EnvironmentFile similar to Environment directive but reads the environment variables from a text file. The text file should contain new-line-separated variable assignments.

For example, in Container Linux, the coreos-metadata.service service creates /run/metadata/coreos. This environment file can be included by other services in order to inject dynamic configuration. Here's an example of the environment file when run on DigitalOcean (the IP addresses have been removed):

COREOS_DIGITALOCEAN_IPV4_ANCHOR_0=X.X.X.X
COREOS_DIGITALOCEAN_IPV4_PRIVATE_0=X.X.X.X
COREOS_DIGITALOCEAN_HOSTNAME=test.example.com
COREOS_DIGITALOCEAN_IPV4_PUBLIC_0=X.X.X.X
COREOS_DIGITALOCEAN_IPV6_PUBLIC_0=X:X:X:X:X:X:X:X

This environment file can then be sourced and its variables used. Here is an example drop-in for etcd-member.service which starts coreos-metadata.service and then uses the generated results:

[Unit]
Requires=coreos-metadata.service
After=coreos-metadata.service

[Service]
EnvironmentFile=/run/metadata/coreos
ExecStart=
ExecStart=/usr/bin/etcd2 \
  --advertise-client-urls=http://${COREOS_DIGITALOCEAN_IPV4_PUBLIC_0}:2379 \
  --initial-advertise-peer-urls=http://${COREOS_DIGITALOCEAN_IPV4_PRIVATE_0}:2380 \
  --listen-client-urls=http://0.0.0.0:2379 \
  --listen-peer-urls=http://${COREOS_DIGITALOCEAN_IPV4_PRIVATE_0}:2380 \
  --initial-cluster=%m=http://${COREOS_DIGITALOCEAN_IPV4_PRIVATE_0}:2380

5.3.3 RestartSec directive

Configures the time to sleep before restarting a service (as configured with Restart below). Takes a unit-less value in seconds, or a time span value such as "5min 20s". Defaults to 100ms.

5.3.4 Restart directive

Configures whether the service shall be restarted when the service process exits, is killed, or a timeout is reached. The service process may be the main service process, but it may also be one of the processes specified with ExecStartPre, ExecStartPost, ExecStop, ExecStopPost, or ExecReload.
When the death of the process is a result of systemd operation (e.g. service stop or restart), the service will not be restarted. Timeouts include missing the watchdog keep-alive ping deadline and a service start, reload, and stop operation timeouts.
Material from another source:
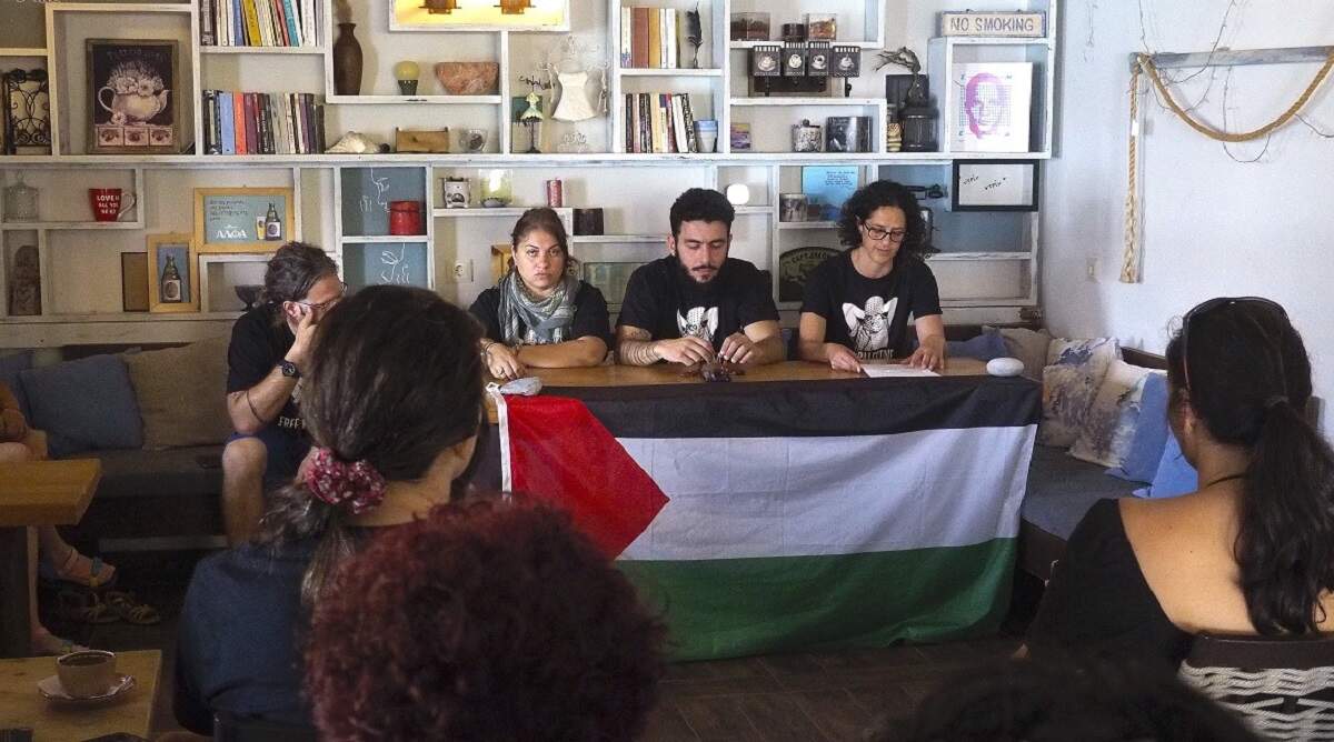 Μιλώντας εκ μέρους των διοργανωτών ο Αργύρης Μελέτης ανέφερε ότι « παρότι με ψήφισμα το 2015 το κράτος της Παλαιστίνης έχει αναγνωριστεί από το ελληνικό κοινοβούλιο, η κυβέρνηση παρέχει στήριξη στο Ισραήλ, σε ένα κράτος που διαπράτει εγκήματα πολέμου» εις βάρος ενός λαού που αγωνίζεται για γη και ελευθερία.

Restart directive one of this arguments:

  • no - If set to no (the default), the service will not be restarted.
  • on-sucess - If set to on-success, it will be restarted only when the service process exits cleanly. In this context, a clean exit means an exit code of 0, or one of the signals SIGHUP, SIGINT, SIGTERM or SIGPIPE, and additionally, exit statuses and signals specified in SuccessExitStatus directive.
  • on-failure - If set to on-failure, the service will be restarted when the process exits with a non-zero exit code, is terminated by a signal (including on core dump, but excluding the aforementioned four signals), when an operation (such as service reload) times out, and when the configured watchdog timeout is triggered.
  • on-abnormal - If set to on-abnormal, the service will be restarted when the process is terminated by a signal (including on core dump, excluding the aforementioned four signals), when an operation times out, or when the watchdog timeout is triggered.
  • on-abort - If set to on-abort, the service will be restarted only if the service process exits due to an uncaught signal not specified as a clean exit status. If set to on-watchdog, the service will be restarted only if the watchdog timeout for the service expires.
  • always - If set to always, the service will be restarted regardless of whether it exited cleanly or not, got terminated abnormally by a signal, or hit a timeout.

Exit causes and the effect of the Restart settings on them:

Restart settings/Exit causes no always on-success on-failure on-abnormal on-abort on-watchdog
Clean exit code or signal X X
Unclean exit code X X
Unclean signal X X X X
Timeout X X X
Watchdog X X X X

As exceptions to the setting above, the service will not be restarted if the exit code or signal is specified in RestartPreventExitStatus directive (see below) or the service is stopped with systemctl stop or an equivalent operation. Also, the services will always be restarted if the exit code or signal is specified in RestartForceExitStatus.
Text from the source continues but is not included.